Moths were Maple Button Acleris forsskaleana, 3 Straw Grass-veneers Agriphila straminella, 2 Common Grass-veneers Agriphila tristella, 2 Pale Straw Pearls Udea lutealis and Yellow Shell.

There was a Blue-winged Olive Serratella ignita (a mayfly) and both Field and Meadow Grasshoppers.  There were 20 7-spot Ladybirds, 2 Marmalade Flies Episyrphus balteatus, a Common Wasp and a Garden Bumblebee.

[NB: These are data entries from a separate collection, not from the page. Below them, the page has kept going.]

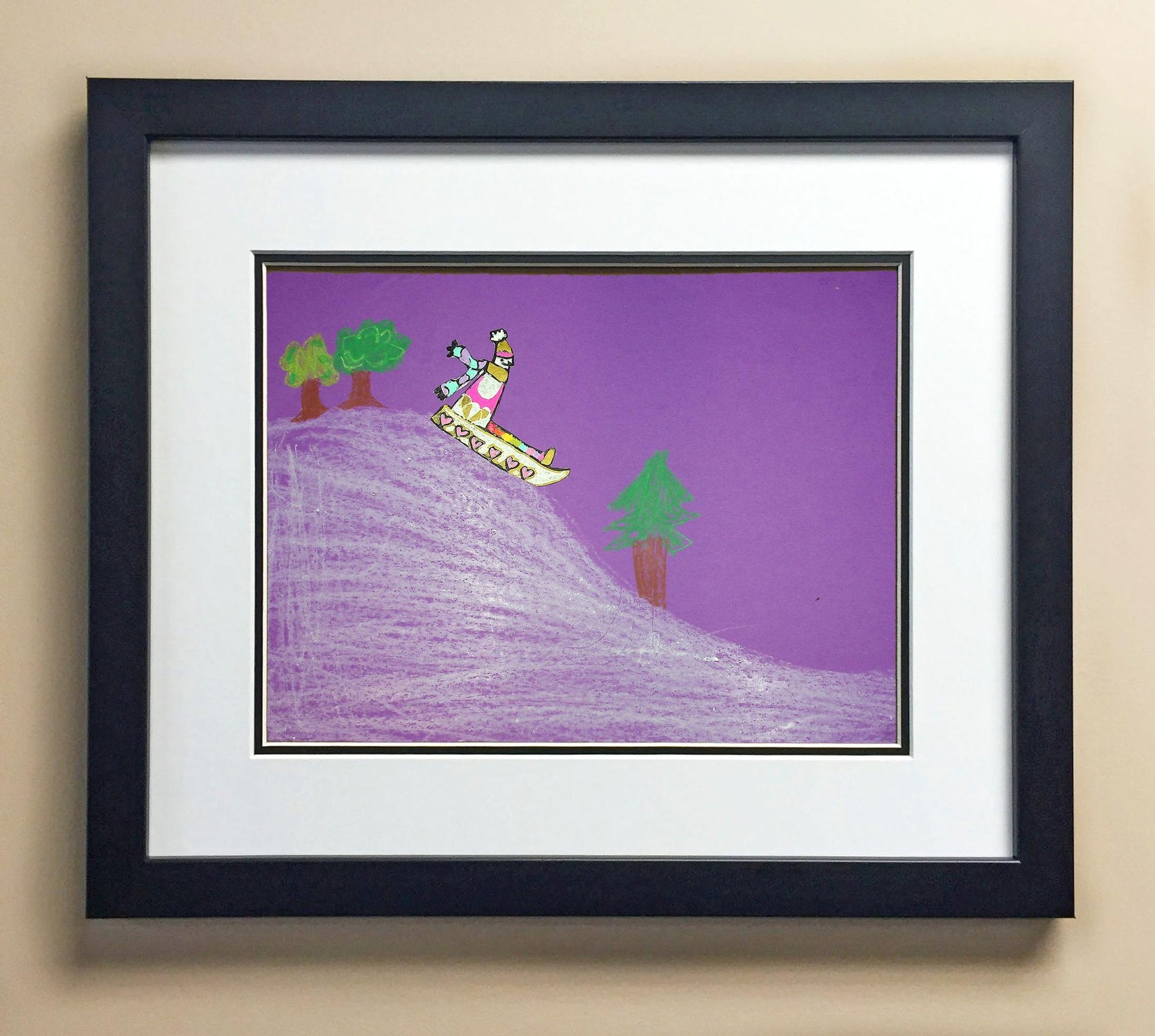 Included with the purchase is the Students Artwork, Frame, double matboard, shatter proof plexiglass, and a ready to hang backerboard with turnbuttons
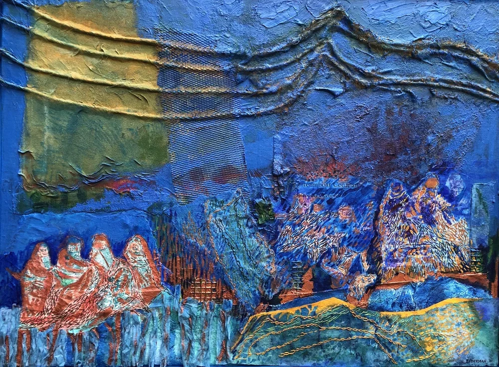 Refugees dreams. Fiber mixed media on canvas
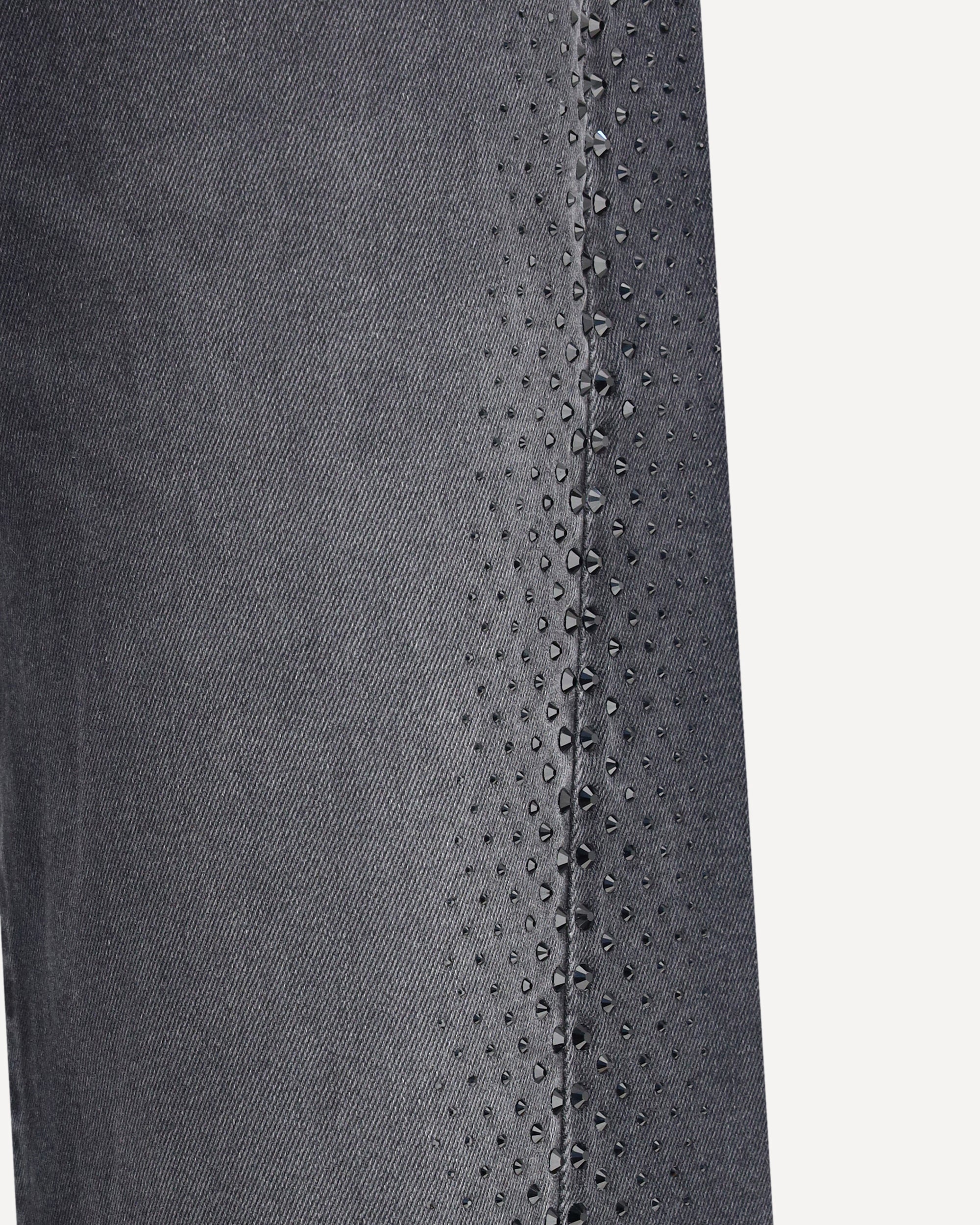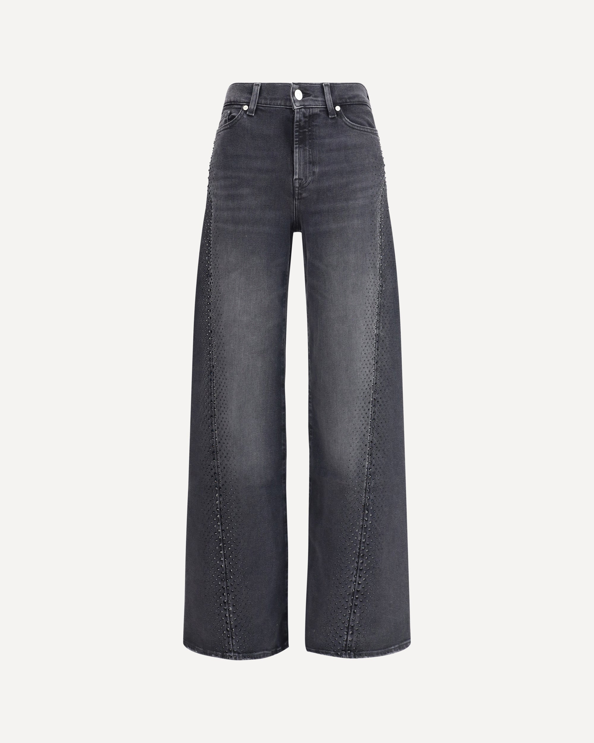 The Rhinestone Jeans by 7For feature a straight five-pocket design with a front button and zipper closure and belt loops at the waist. The distinctive detail is the applied rhinestones along the side seams, which add a touch of sparkle and bold style to the garment.
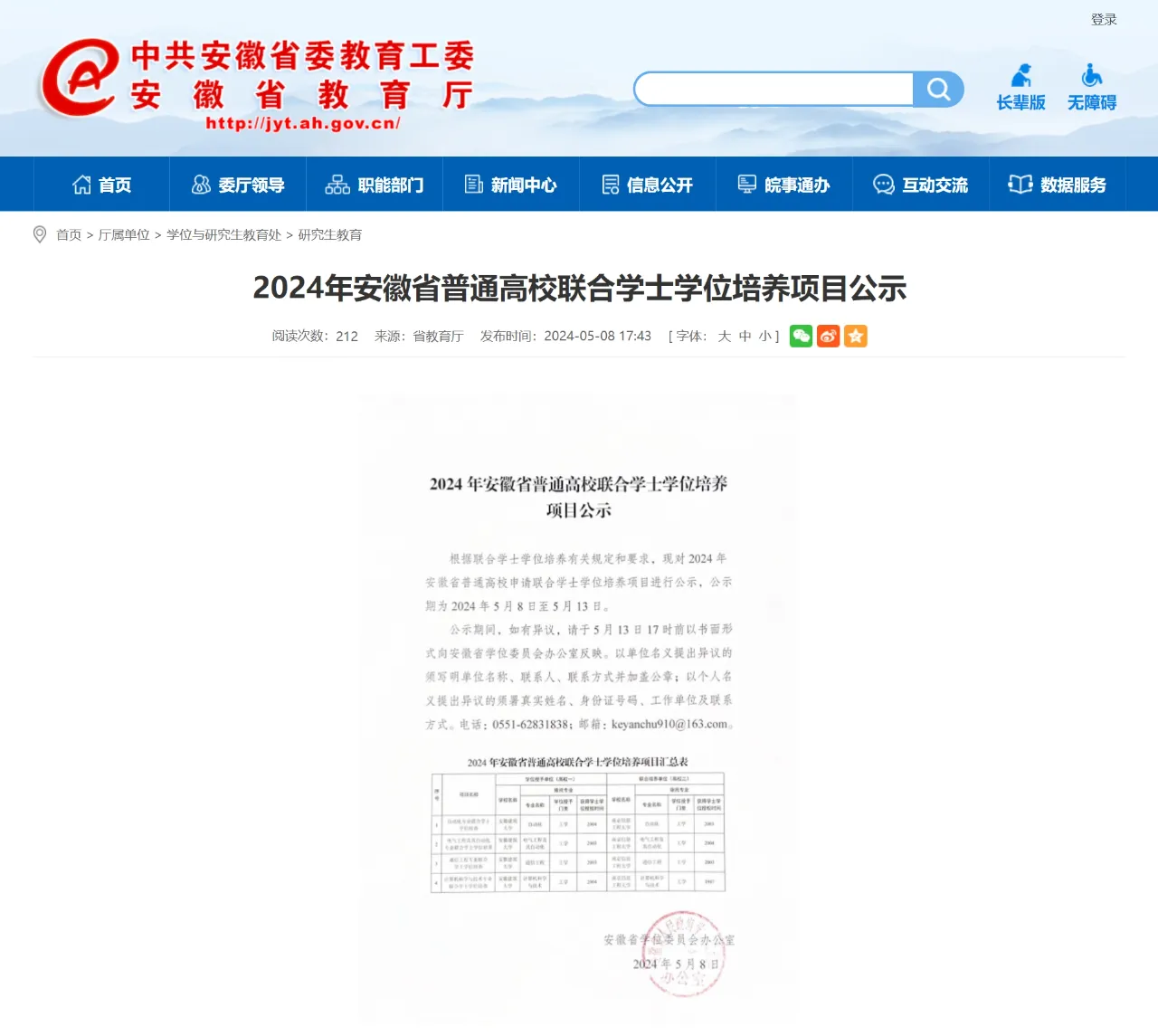 在我校与原全国重点大学、现“双一流”高校——南京信息工程大学连续开展两届本科拔尖人才联合培养的基础上,经安徽省教育厅、江苏省教育厅分别批准,我校与南信大自2024年起联合培养学士,并纳入高考正式招生,经省考试院批准单设院校专业组,编号008,共有四个专业:计算机科学与技术、电气工程及其自动化、通信工程、自动化,每个专业30人,合计120人。
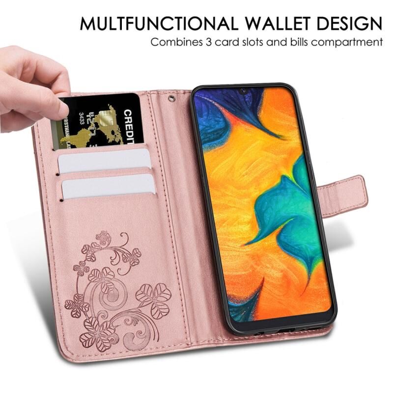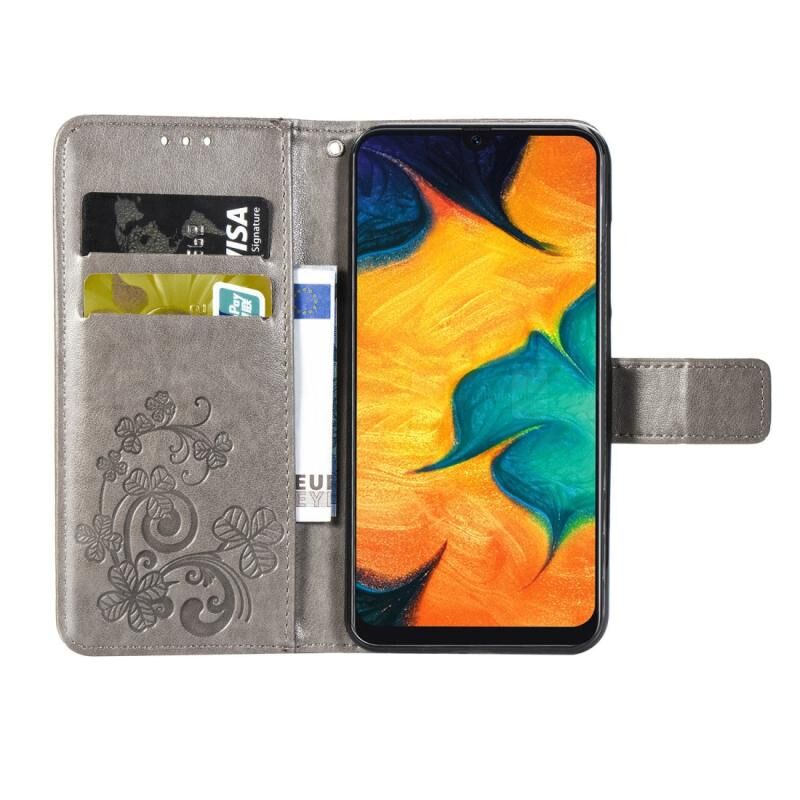 Για Samsung Galaxy A20/A30 Θήκη Προστασίας Κινητού Δέρμα με Κούμπωμα Τριφυλλιού, Ραφτό, με Λουρί, Θήκη Καρτών, Πορτοφόλι & Λειτουργία Στήριξης (Γκρι)
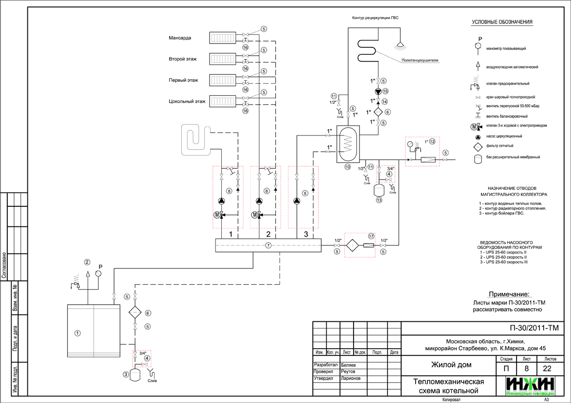 Состав проекта котельной, отопления, канализации и водоснабжения дома в г.Химки (мкр Сарбеево):
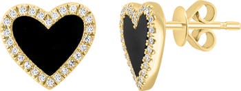 Show off romantic sparkle with these 14-karat gold stud earrings featuring onyx hearts framed by dainty diamond halos.
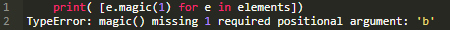 一个快速而简单的解决方法是通过一些手段确保B.magic方法可以在只有一个参数的情况下工作,比如将第二个参数设置为可选项。现在用我们所学到的来看下面的代码:
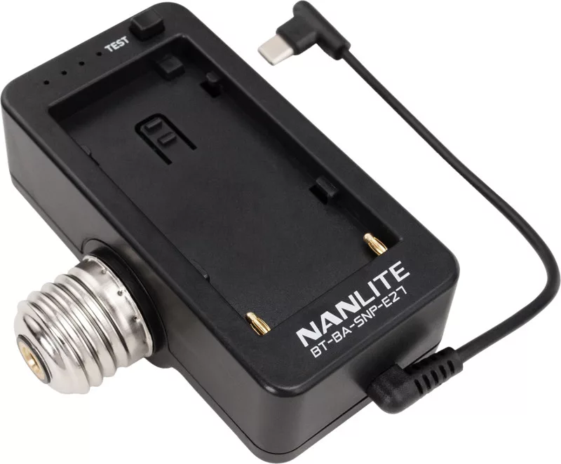 Az E27 fej kialakítása biztosítja, hogy az adapter könnyen és gyorsan rögzíthető legyen bármilyen E27-es fényforráshoz, így a Nanlite termékek széles skálájával kompatibilis. Az adapter használatával a felhasználók könnyedén váltogathatnak az akkumulátoros és hálózati üzemmód között, ami fokozza a rugalmasságot és a kényelmet a világítási beállítások során.
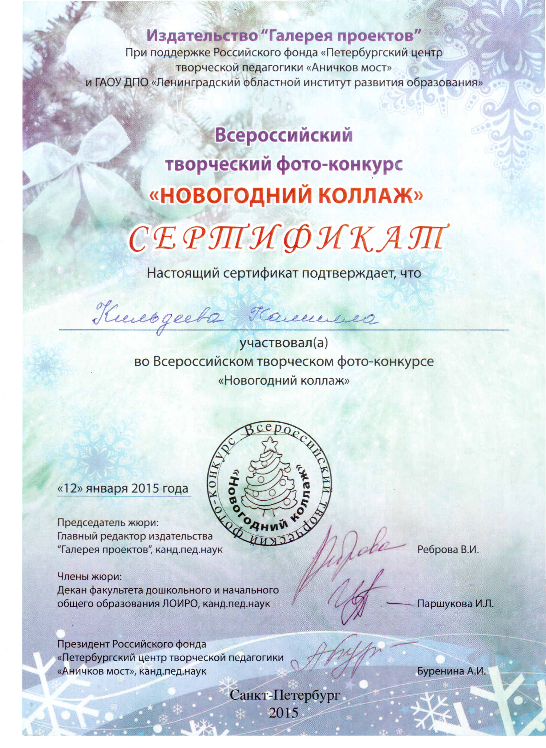 10. Сертификат за участие в конкурсе Кильдеева Камилла 3 года
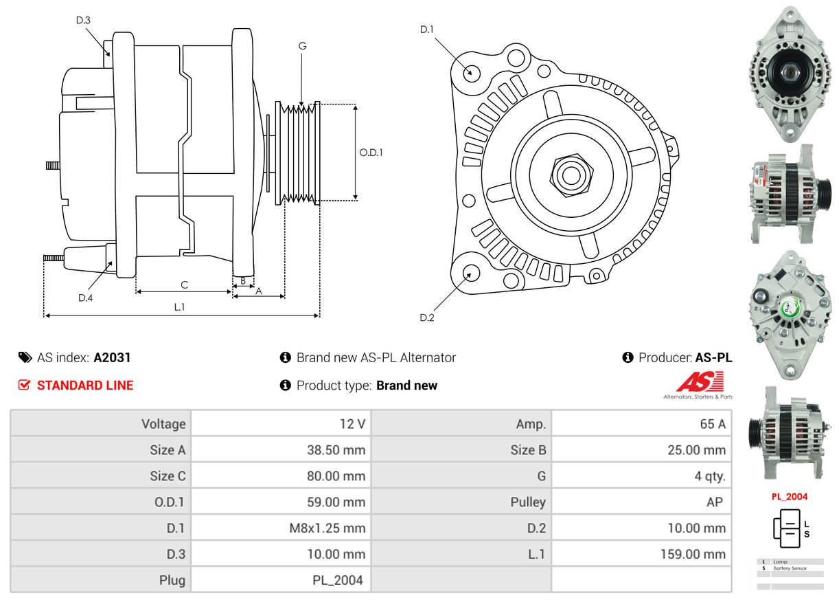 AS-PL je renomovaná evropská značka se sídlem v Polsku, která se specializuje na výrobu a distribuci startérů, alternátorů a jejich komponentů. Společnost vznikla v roce 1992 a dnes dodává více než 20 000 různých produktů do více než 100 zemí světa. AS-PL nabízí jak kompletní jednotky, tak i náhradní díly a komponenty pro opravy.
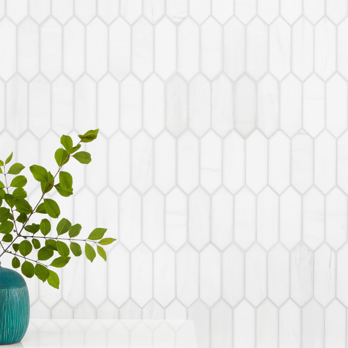 Make a statement in your kitchen with our Bianco Dolomiti Polished Picket Marble Mosaic. The unique picket shape adds a contemporary flair, while the polished finish enhances the natural beauty of the marble. Create a stunning backsplash or focal point with this distinctive and stylish mosaic.
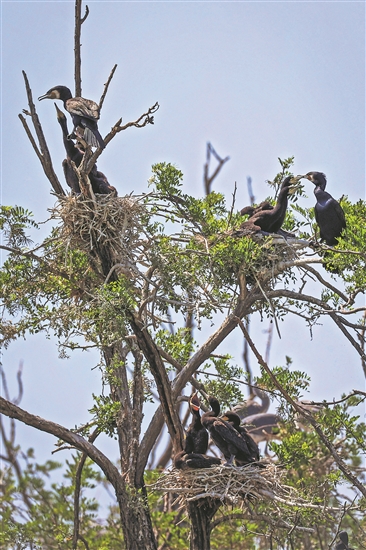 5月20日,在北京密云水库“鸟岛”上,栖息在枝头上的几对鸬鹚幼崽正在等着被投喂。
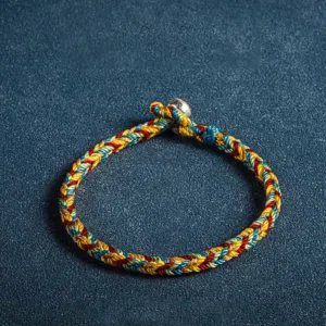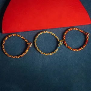 In lineages of Tibetan Vajrayana Buddhism. tying a cord or string around the wrist is common during ceremonies. Traditionally. the Lama blesses the string and then ties a knot and imbues it with a mantra. Similar to other traditions. it’s said that these red cords bring luck and offer protection.
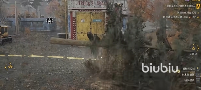 首先,小伙伴們需要控制裝有機(jī)械臂的車將樹木都給砍倒,這一點(diǎn)是比較簡單的,砍完的樹拖到比較空白的區(qū)域之后,還可以按一鍵給樹木進(jìn)行加工,將樹木周圍的樹枝都去掉,方便后續(xù)托運(yùn),這個(gè)操作步驟不能省略。
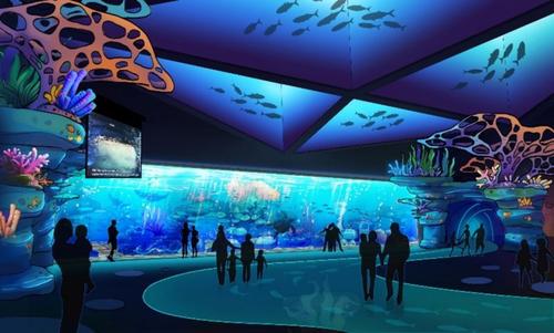 水族馆共分5层,总建筑面积22,600平方米,拥有9大展示区域,32个主题展缸,展示 了来自五大洲四大洋的350多个品种,10000余条水生物及珍稀鱼种。馆内最有特色的展示是叶海龙、草海龙、锯鳐、水母、沙虎鲨、企鹅、斑海豹等珍稀海水、淡水品种,其中沙虎鲨数量为中国水族馆之最。

Common Wasp, North Elmham Cathedral Meadows, 28th July

Garden Bumblebee, North Elmham Cathedral Meadows, 28th July

That night there were only 49 species of moth in the garden, but one of them was new for the garden, Waste Grass-veneer Pediasia contaminella, and another new for the year, Small Birch Bell Epinotia ramella.

Waste Grass-veneer Pediasia contaminella, North Elmham, 28th July

Small Birch Bell Epinotia ramella, North Elmham, 28th July

The other 47 were Bird’s-nest Moth Tinea trinotella, Clover Case-bearer Coleophora alcyonipennella, Little Dwarf Elachista canapennella, Common Flat-body Agonopterix heracliana, 2 Brindled Flat-bodies Agonopterix arenella, Cinerous Neb Bryotropha terrella, Orange Crest Helcystogramma rufescens, 5 Dingy Dowds Blastobasis adustella, Rush Marble Bactra lancealana, 2 Marbled Piercers Cydia splendana, Garden Grass-veneer Chrysoteuchia culmella, 55 Straw Grass-veneers Agriphila straminella, 19 Common Grass-veneers Agriphila tristella, Chequered Grass-veneer Catoptria falsella, Small Grey Eudonia mercurella, Ringed China-mark Parapoynx stratiotata, Pale Straw Pearl Udea lutealis, 2 Mother of Pearls Pleuroptya ruralis, Rosy Tabby Endotricha flammealis, Beautiful Plume Amblyptilia acanthadactyla, 2 Common Plumes Emmelina monodactyla, 2 Single-dotted Waves, Small Scallop, 3 Riband Waves, 2 Red Twin-spot Carpets, 3 Dark-barred Twin-spot Carpets, 2 Shaded Broad-bars, 2 Magpie Moths, Scorched Carpet, Coxcomb Prominent, Yellow-tail, Common Footman, Buff Ermine, 2 Ruby Tigers, Turnip Moth, 2 Shuttle-shaped Darts, 2 Flame Shoulders, 3 Setaceous Hebrew Characters, Copper Underwing, Straw Underwing, Common Rustic, Lesser Common Rustic, Uncertain, 2 Rustics, Silver Y, 4 Straw Dots and Snout.

There wasn't much else apart from moths either: the mayfly Pond Olive Cloeon dipterum, the brown lacewing Micromus variegatus, the caddisflies 3 Limnephilus rhombicus, the mirid bug Lygus rugulipennis and a Hornet.